Task details:
Leaving out all pictures, transcribe the lines below exactly, from the first through the line containing "کابینت + سنگ روشویی + آینه + باکس کنار آینه".

*** Given entries Section Begins ***

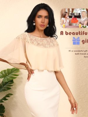 Chiffon Lace Shawl Wraps Women’s Girls Cape Shrug for Evening Dress Wedding Capelet Cover Up
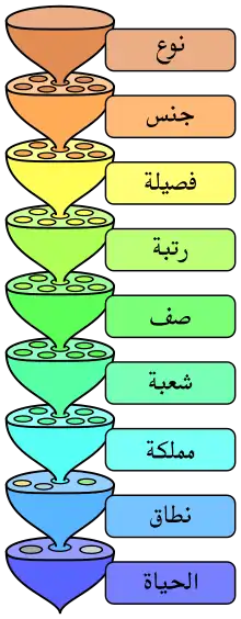 | المملكة | مملكة البكتيريا البدائية | مملكة البكتيريا الحقيقية | مملكة الطلائعيات | مملكة الفطريات | مملكة النباتات | مملكة الحيوانات |
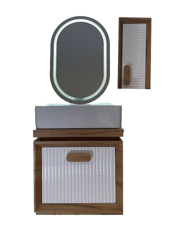 کابینت + سنگ روشویی + آینه + باکس کنار آینه
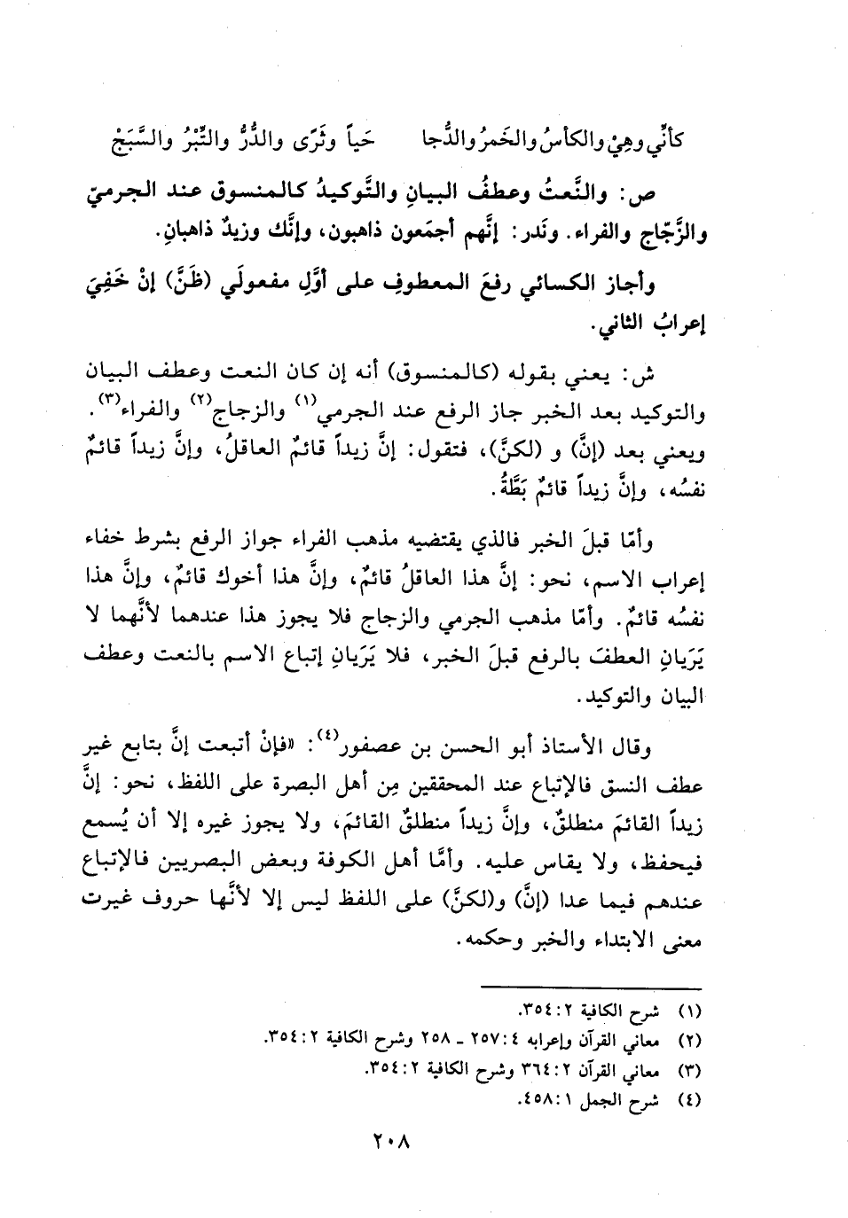 ش: يعني بقوله (كالمنسوق) أنه إن كان النعت وعطف البيان والتوكيد بعد الخبر جاز الرفع عند الجرمي والزجاج والفراء ويعني بعد (إن) و (لكن)، فتقول: إن زيدًا قائم العاقل، وإن زيدًا قائم نفسه، وإن زيدًا قائم بطنه.
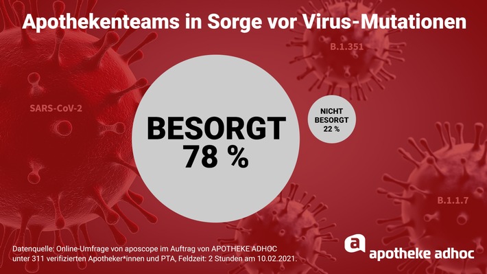 Hinweis zur Methodik: Im Auftrag von APOTHEKE ADHOC befragt aposcope seit Februar 2020 regelmäßig verifizierte Apotheker*innen und PTA online zum Thema Coronavirus. An der aktuellen Umfrage nahmen am 10. Februar 2021 insgesamt 311 Apotheker*innen und PTA teil.

*** Given entries Section Ends ***

Result below:
 Chiffon Lace Shawl Wraps Women’s Girls Cape Shrug for Evening Dress Wedding Capelet Cover Up
 | المملكة | مملكة البكتيريا البدائية | مملكة البكتيريا الحقيقية | مملكة الطلائعيات | مملكة الفطريات | مملكة النباتات | مملكة الحيوانات |
 کابینت + سنگ روشویی + آینه + باکس کنار آینه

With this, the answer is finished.